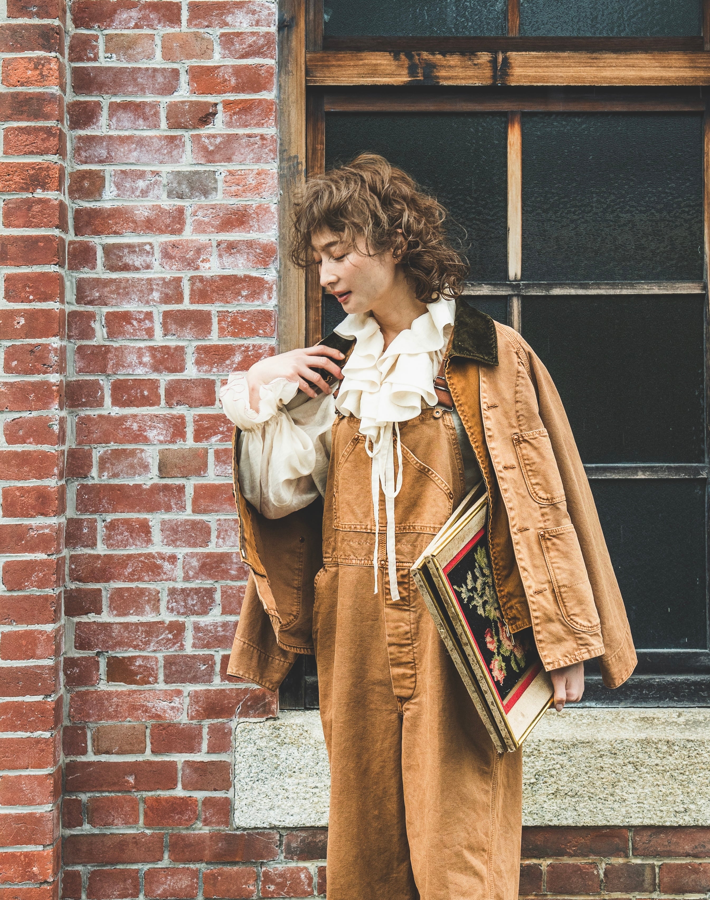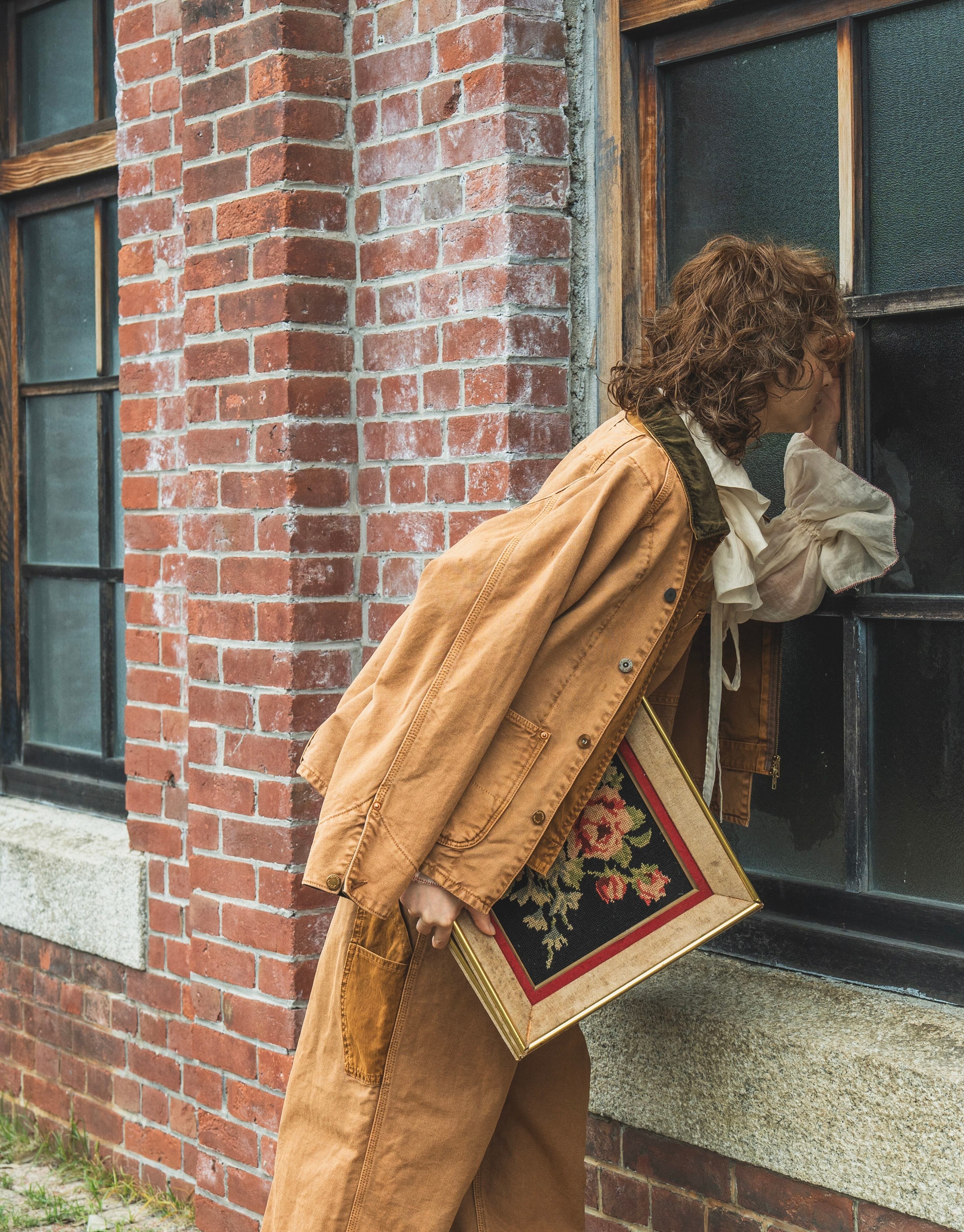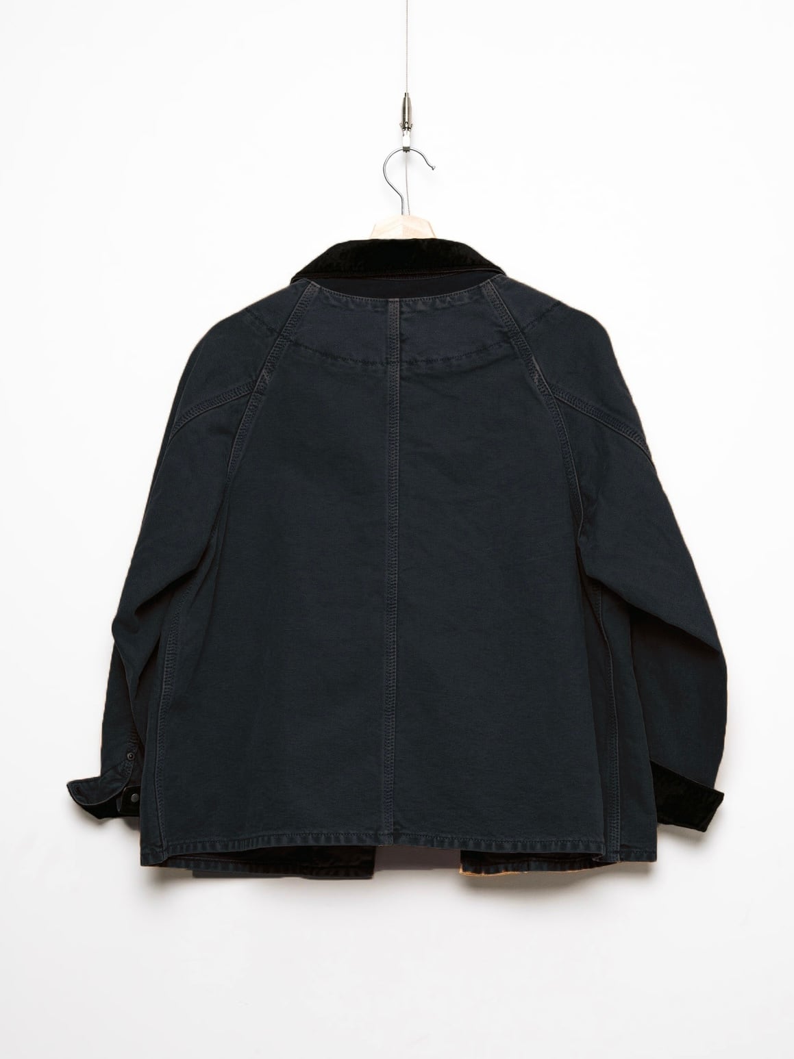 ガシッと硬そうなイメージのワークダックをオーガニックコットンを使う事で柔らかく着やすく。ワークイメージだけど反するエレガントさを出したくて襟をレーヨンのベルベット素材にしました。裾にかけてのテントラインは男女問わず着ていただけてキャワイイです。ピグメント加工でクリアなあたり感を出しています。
==
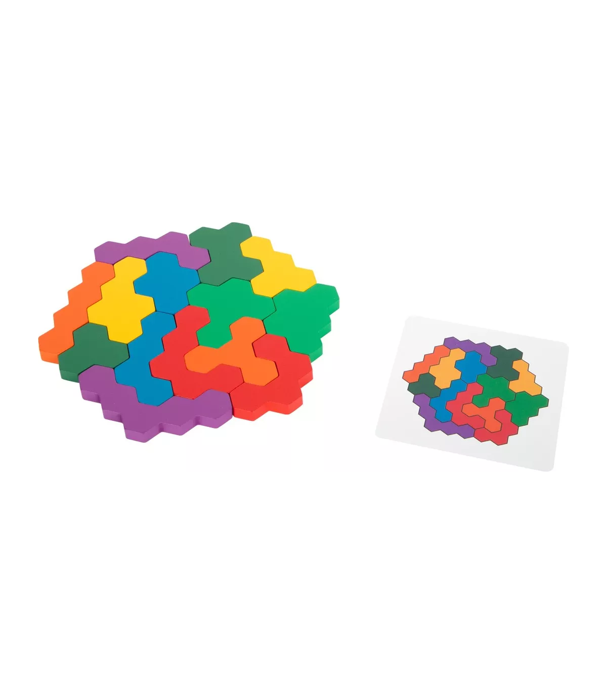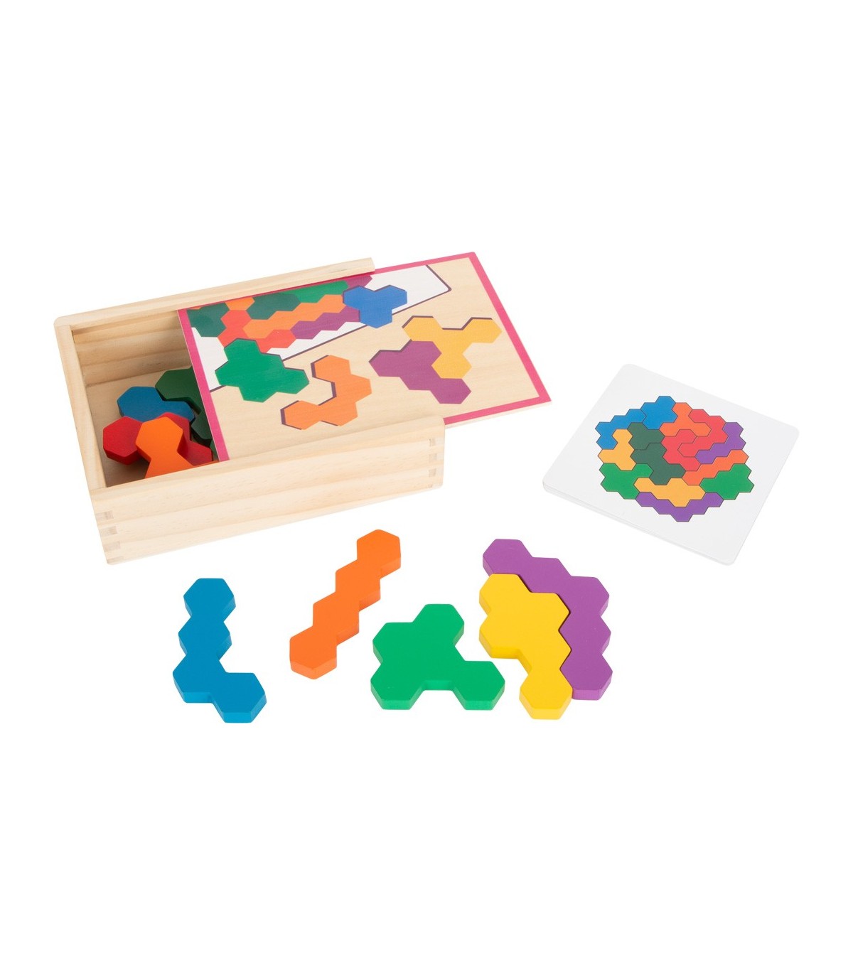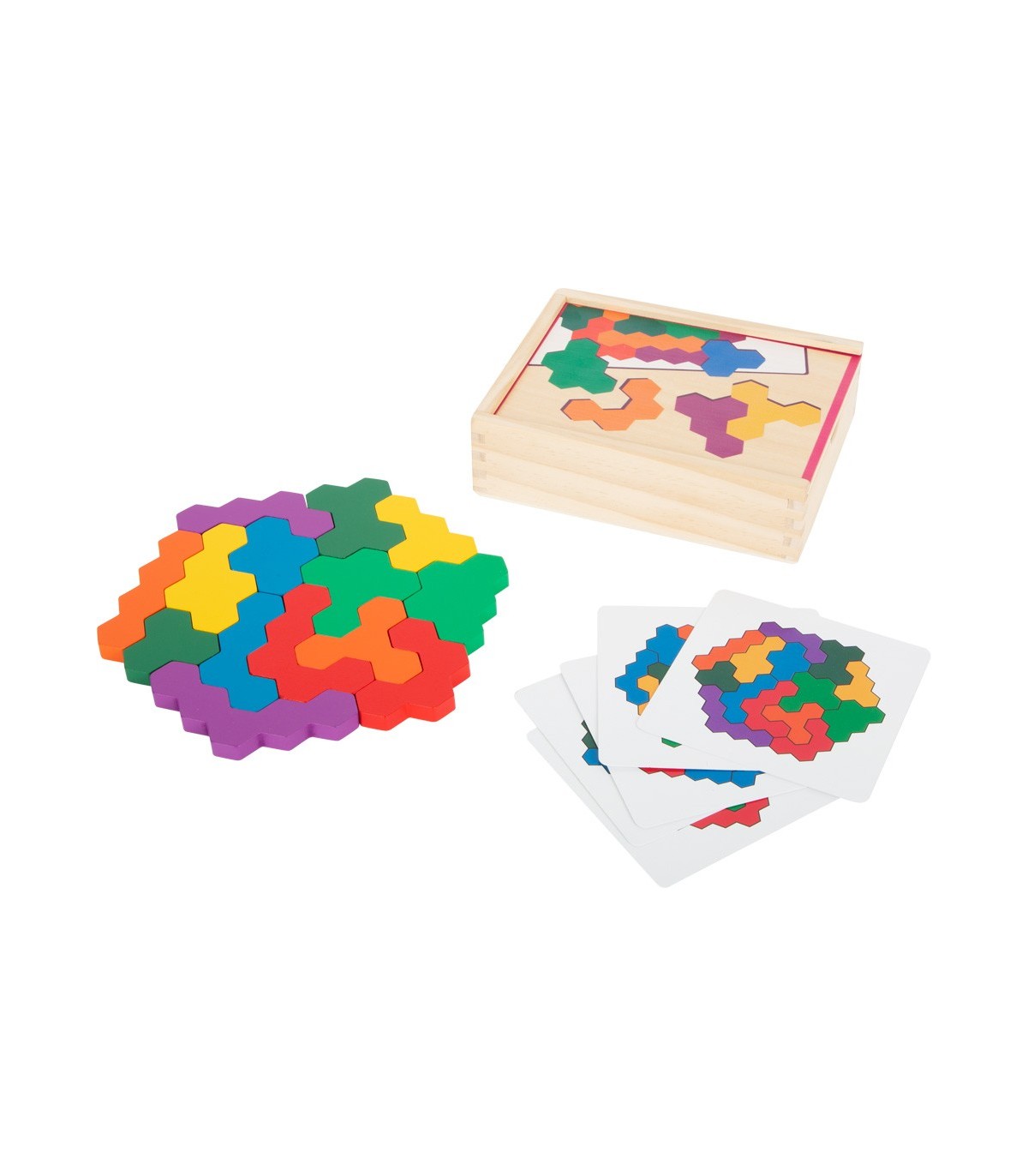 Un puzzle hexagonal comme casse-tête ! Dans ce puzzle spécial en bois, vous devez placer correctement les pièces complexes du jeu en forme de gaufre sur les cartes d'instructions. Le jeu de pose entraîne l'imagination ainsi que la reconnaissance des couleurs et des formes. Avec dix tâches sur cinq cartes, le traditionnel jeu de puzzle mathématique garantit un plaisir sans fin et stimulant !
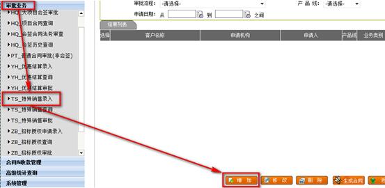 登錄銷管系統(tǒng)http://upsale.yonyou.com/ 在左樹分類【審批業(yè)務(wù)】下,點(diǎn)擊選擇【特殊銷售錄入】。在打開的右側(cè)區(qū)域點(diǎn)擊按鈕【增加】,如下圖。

DIRECTIONS FOR THIS TASK
What are the lines above from the one with "Un puzzle hexagonal" to the one with "登錄銷管系統(tǒng)ht", both included? Reproduce them exactly, without pictures.

EXERCISE ANSWER
 Un puzzle hexagonal comme casse-tête ! Dans ce puzzle spécial en bois, vous devez placer correctement les pièces complexes du jeu en forme de gaufre sur les cartes d'instructions. Le jeu de pose entraîne l'imagination ainsi que la reconnaissance des couleurs et des formes. Avec dix tâches sur cinq cartes, le traditionnel jeu de puzzle mathématique garantit un plaisir sans fin et stimulant !
 登錄銷管系統(tǒng)http://upsale.yonyou.com/ 在左樹分類【審批業(yè)務(wù)】下,點(diǎn)擊選擇【特殊銷售錄入】。在打開的右側(cè)區(qū)域點(diǎn)擊按鈕【增加】,如下圖。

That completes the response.